◆ WHAT IS EXPECTED
Each entry is to be retyped exactly as it appears, and each image is to be dropped.

◆ STORED DATA
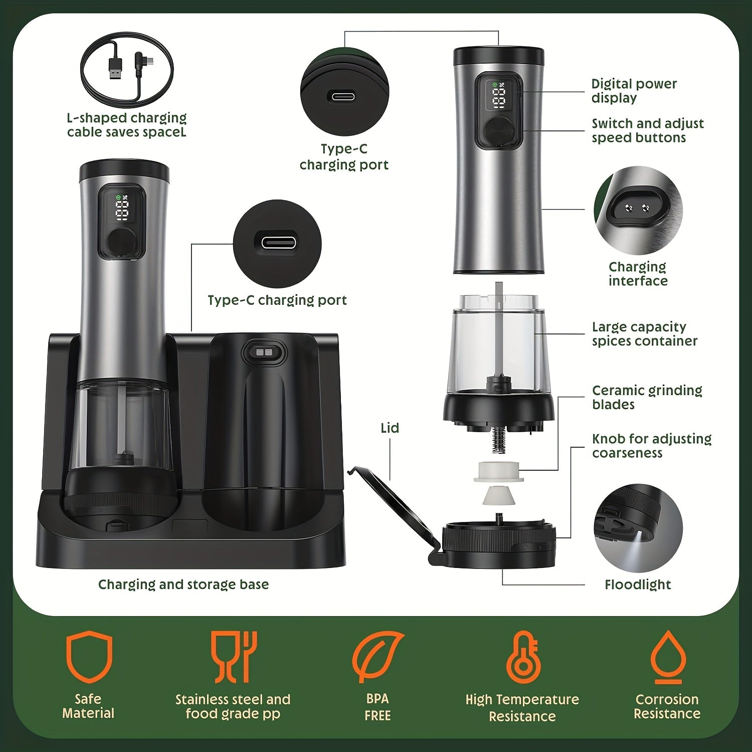 1pc/2pcs Upgraded Electric Pepper Grinder | Rechargeable Salt & Pepper Grinder - Variable Grinding Speed, External Coarseness Adjustment, Dust Cover & LED Light, Perfect for Restaurants, Kitchens, Picnics & Barbecues Christma
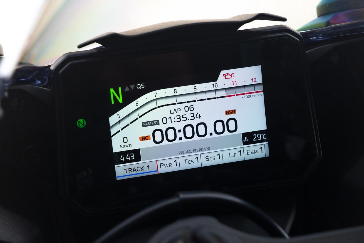 Il pilota ha a disposizione 4 riding mode, 3 livelli di risposta dell'acceleratore, 3 (+ spento) del controllo di trazione Cornering, 3 step di regolazione dello slide control, 3 anche per l'antimpennata e 2 per la gestione del freno motore. Ma non è finita qui: l'ABS è disinseribile al posteriore, c'è il Launch Control e il cambio elettronico bidirezionale di serie ha 2 modalità di intervento. Il tutto si gestisce con grande facilità tramite il joystic presente sul blocchetto di sinistra ed il nuovo cruscutto TFT da 5" che, grazie alla connettività, è dotato di particolarità funzionalità per chi gira in pista tra cui la possibilità di mandare messaggi strategici per far comunicare box e pilota.
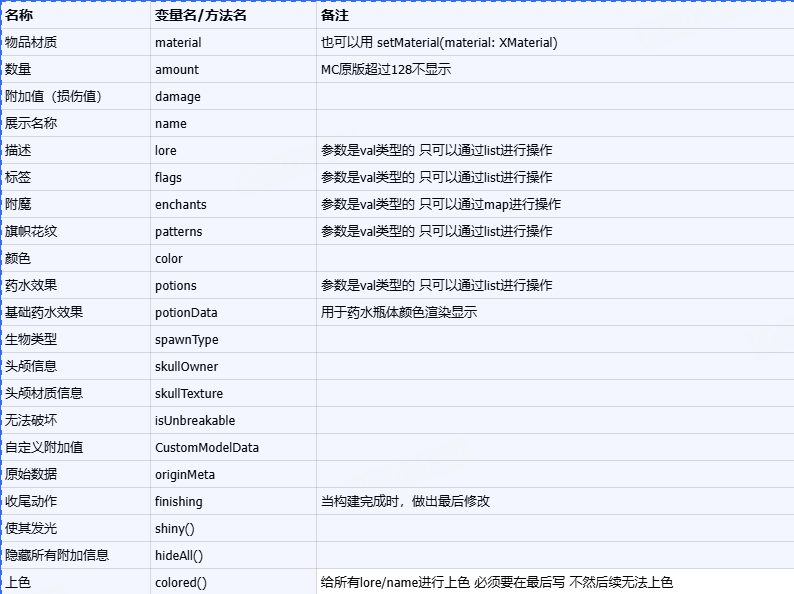 TabooLib 内置了一套 关于 构建物品 编辑物品 修改/获取 NBT 的工具
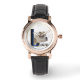 Uhr, Klassische Damenuhr mit schwarzen Lederarmband
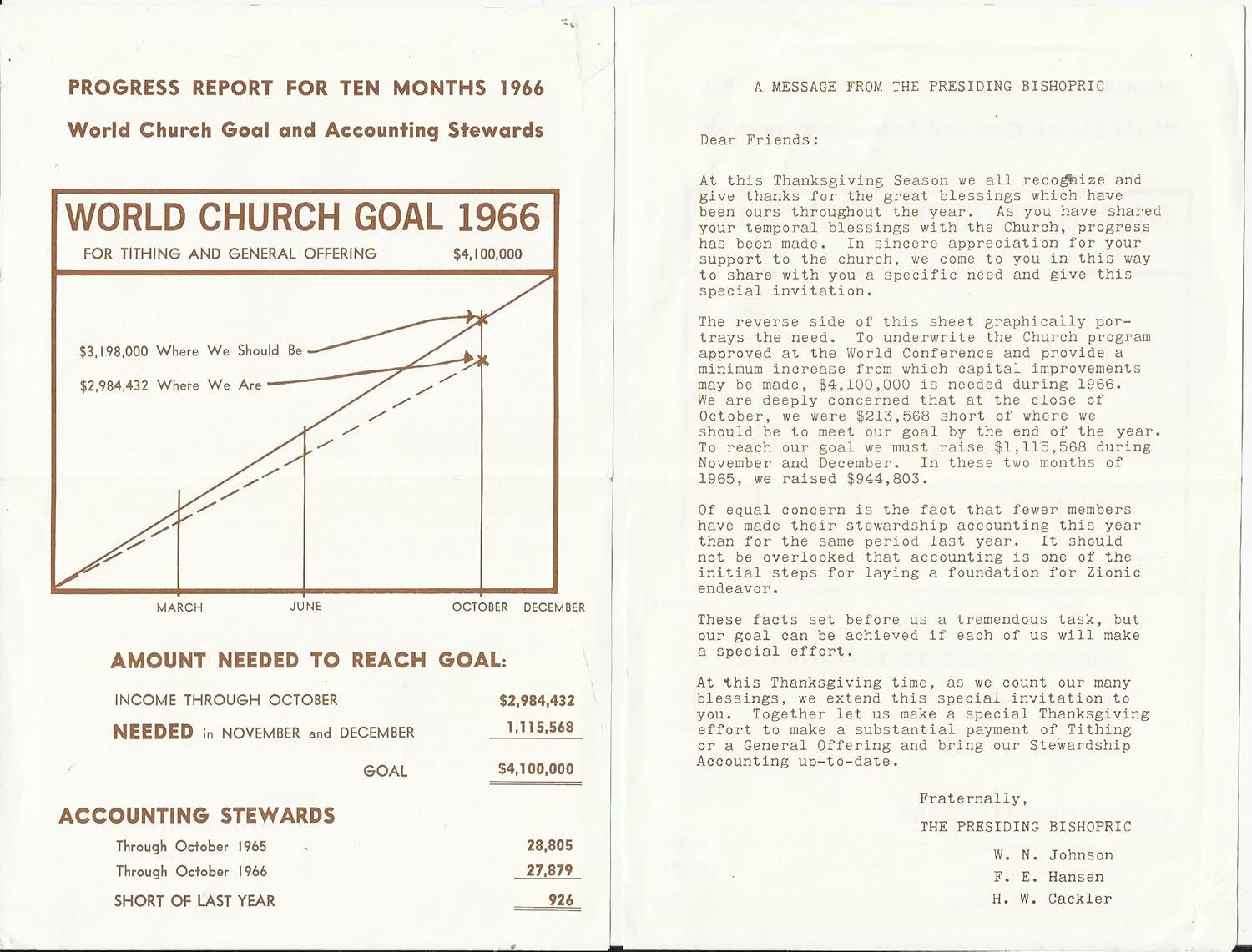 A Message From the Presiding Bishopric — Progress Report for Ten Months 1966 / World Church Goal and Accounting Stewards — 2 Sided
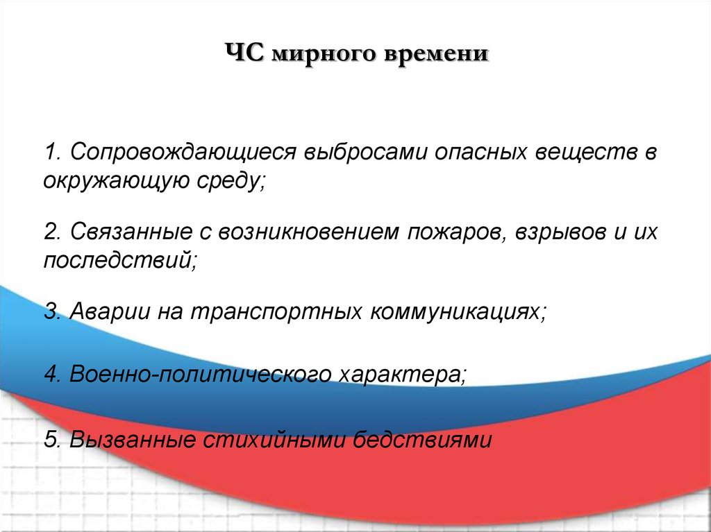 ЧС мирного времени1. Сопровождающиеся выбросами опасных веществ в
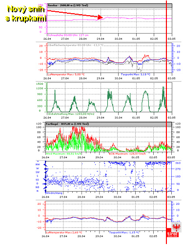 „Dopoledne nabízí slunečno především ve směru Severotyrolského Oberlandu a jižní strany Alp ... Odpoledne všeobecně zesilující přeháňky nejdříve v severních vápencových Alpách, později dosahující až k hlavnímu Alpskému hřebenu, možná bouřka, hranice sněžení 2 000 m n.m. Teplota ve 2 000 m n.m.: 0 –5 °C, ve 3 000 m n.m.: -4 °C. Vítr na horách: lehký až mírný východního vítr.“
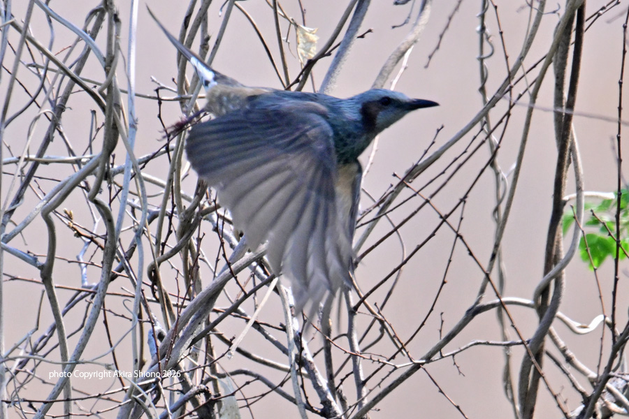入り組んだ小枝から飛び立つヒヨドリ、航路灯に留まるカワウ、干潟に顔を出したガニ
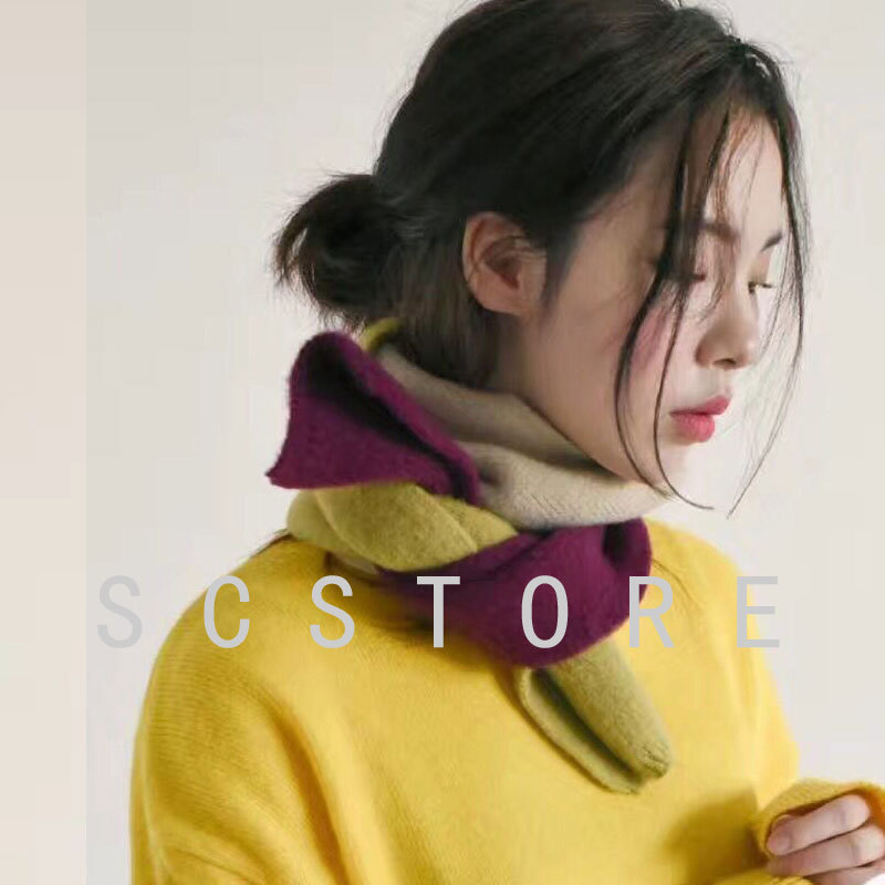 한국 동대문 INS 핫 컬러 매칭 울 작은 스카프 여성의 가을과 겨울 니트 대비 색상 보온 학생 스카프

◆ REPLY TO THE EXERCISE
 1pc/2pcs Upgraded Electric Pepper Grinder | Rechargeable Salt & Pepper Grinder - Variable Grinding Speed, External Coarseness Adjustment, Dust Cover & LED Light, Perfect for Restaurants, Kitchens, Picnics & Barbecues Christma
 Il pilota ha a disposizione 4 riding mode, 3 livelli di risposta dell'acceleratore, 3 (+ spento) del controllo di trazione Cornering, 3 step di regolazione dello slide control, 3 anche per l'antimpennata e 2 per la gestione del freno motore. Ma non è finita qui: l'ABS è disinseribile al posteriore, c'è il Launch Control e il cambio elettronico bidirezionale di serie ha 2 modalità di intervento. Il tutto si gestisce con grande facilità tramite il joystic presente sul blocchetto di sinistra ed il nuovo cruscutto TFT da 5" che, grazie alla connettività, è dotato di particolarità funzionalità per chi gira in pista tra cui la possibilità di mandare messaggi strategici per far comunicare box e pilota.
 TabooLib 内置了一套 关于 构建物品 编辑物品 修改/获取 NBT 的工具
 Uhr, Klassische Damenuhr mit schwarzen Lederarmband
 A Message From the Presiding Bishopric — Progress Report for Ten Months 1966 / World Church Goal and Accounting Stewards — 2 Sided
 ЧС мирного времени1. Сопровождающиеся выбросами опасных веществ в
 „Dopoledne nabízí slunečno především ve směru Severotyrolského Oberlandu a jižní strany Alp ... Odpoledne všeobecně zesilující přeháňky nejdříve v severních vápencových Alpách, později dosahující až k hlavnímu Alpskému hřebenu, možná bouřka, hranice sněžení 2 000 m n.m. Teplota ve 2 000 m n.m.: 0 –5 °C, ve 3 000 m n.m.: -4 °C. Vítr na horách: lehký až mírný východního vítr.“
入り組んだ小枝から飛び立つヒヨドリ、航路灯に留まるカワウ、干潟に顔を出したガニ
 한국 동대문 INS 핫 컬러 매칭 울 작은 스카프 여성의 가을과 겨울 니트 대비 색상 보온 학생 스카프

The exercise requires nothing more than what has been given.